The resulting plot shown in Figure 8-2 very effectively illustrates Dorothy’s relationships in the book; the nodes closest to her include her closest allies—her dog, Toto, the Scarecrow, and the Tin Woodman, while those on the outer edges are characters with whom Dorothy interacts the least. The social graph also shows Dorothy’s close promixity to Oz and the Wicked Witch, both of whom she has significant, albeit more complex, relationships.
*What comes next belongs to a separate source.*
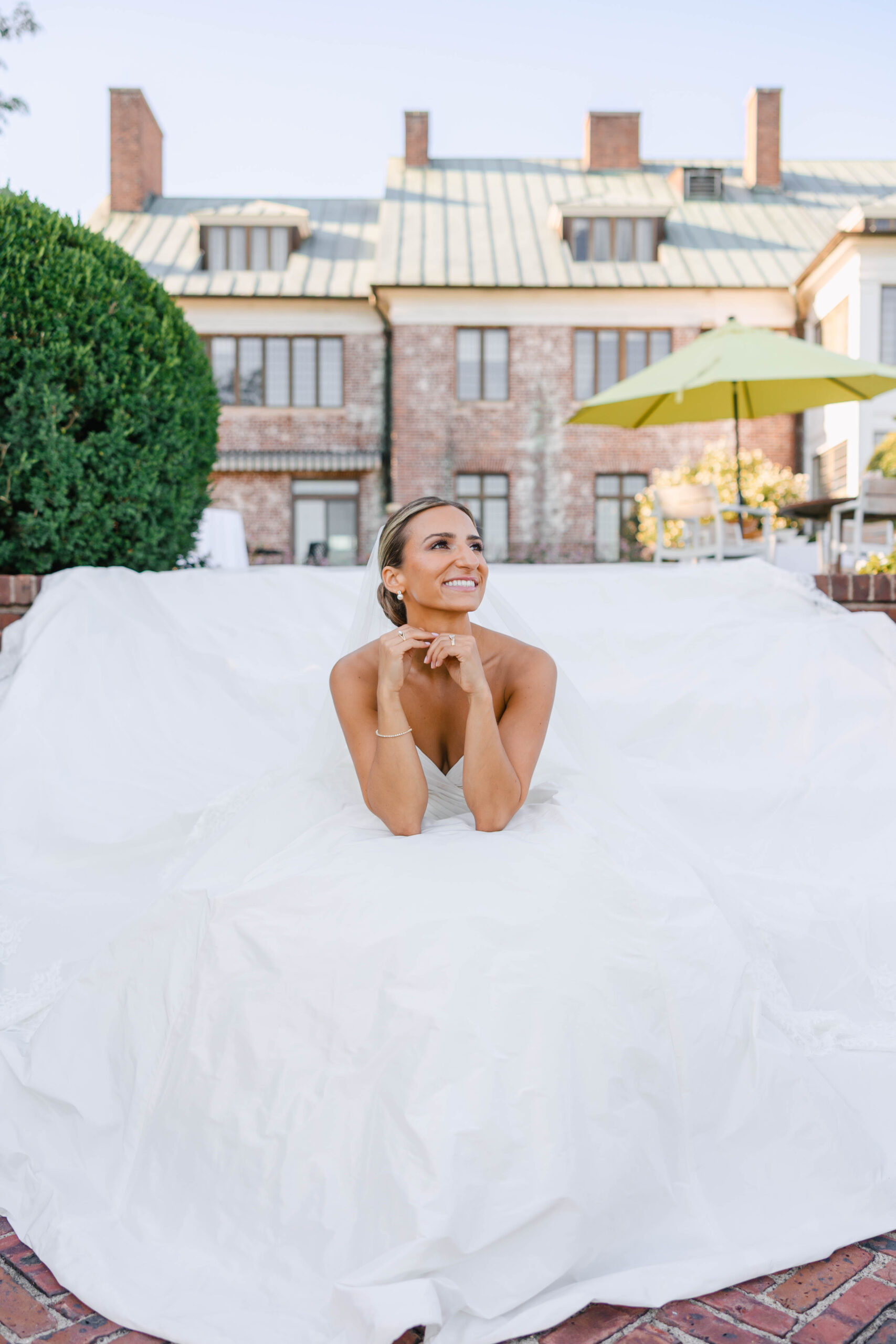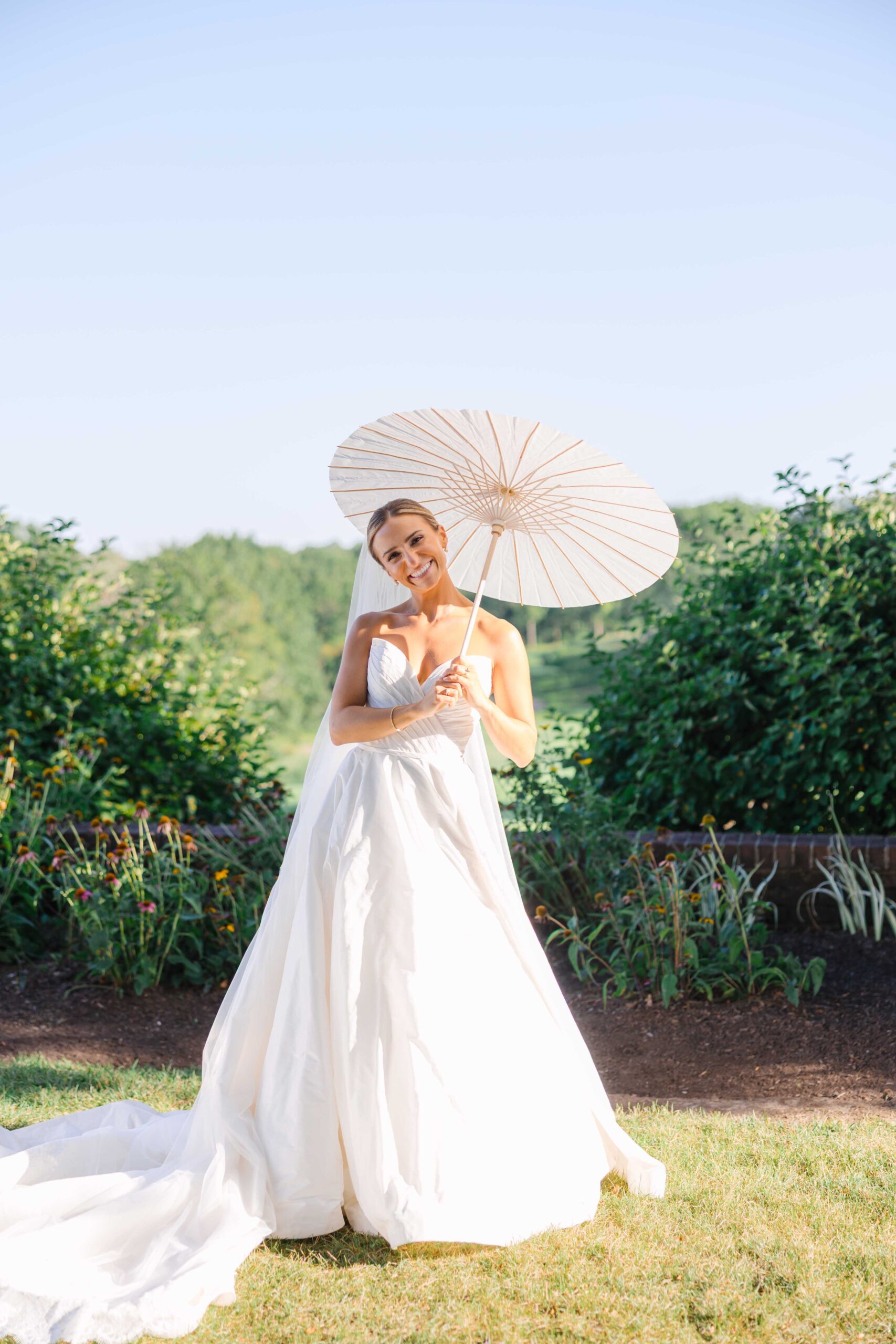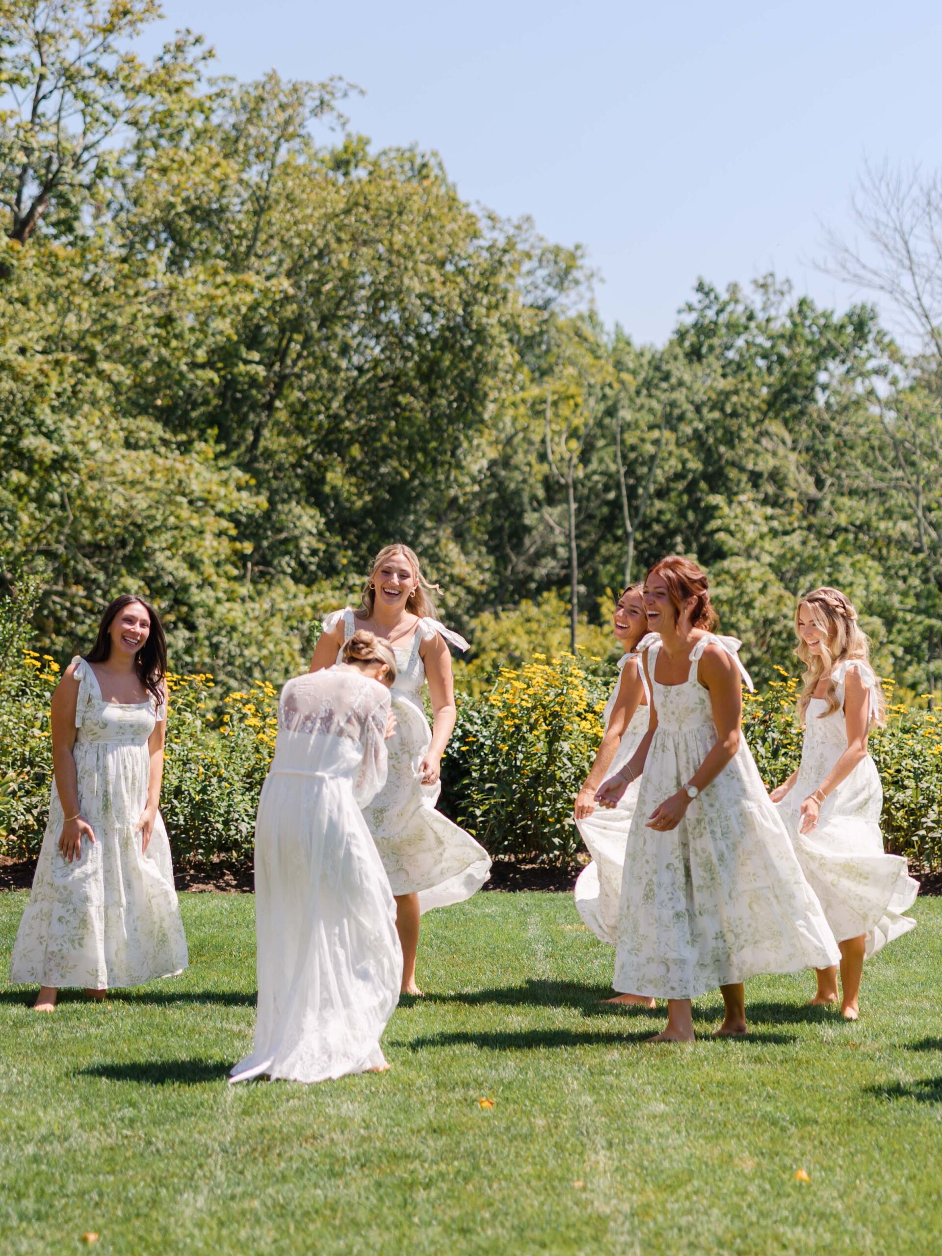 As soon as we arrived back at Hamilton Farm, the wedding party “understood the assignment.” To really lean into the organic, European aesthetic, we sourced white parasols and captured candid, joyful moments—the bridesmaids even fluffed Kelsey’s dress like a parachute!

A force-directed graph of Dorothy's social network in the Wizard of Oz.
Figure 8-2. Force-directed ego graph for the Wizard of Oz
Note

The construction and utility of property graphs as well as NetworkX’s add_edge, ego_graph and draw methods will be discussed in greater detail in Chapter 9.

Co-occurrence plots

Co-occurrence is another way to quickly understand relationships between entities or other n-grams, in terms of the frequency with which they appear together. In this section we’ll use Matplotlib to plot character co-occurrences in The Wizard of Oz.

First, we create a function matrix that will take in the text of the book and the list of characters. We initialize a multidimensional array that will be a list that contains a list for every character with the count of its co-occurrences with every other character:

from nltk import sent_tokenize

def matrix(text, cast):
    mtx = []
    for first in cast:
        row = []
        for second in cast:
            count = 0
            for title, chapter in text['chapters'].items():
                for sent in sent_tokenize(chapter):
                    if first in sent and second in sent:
                        count += 1
            row.append(count)
        mtx.append(row)
    return mtx

We can now plot our matrix. To approximate the D3 plots, we want to plot two co-occurrence matrices side by side; one with the characters ordered alphabetically and one where they are ordered by overall frequency in the text. We’ll initialize a figure and axes, add a title and increase the default whitespace between the subplots to ensure there will be room for the characters names, and create enough x- and y-tick marks to correspond to every character.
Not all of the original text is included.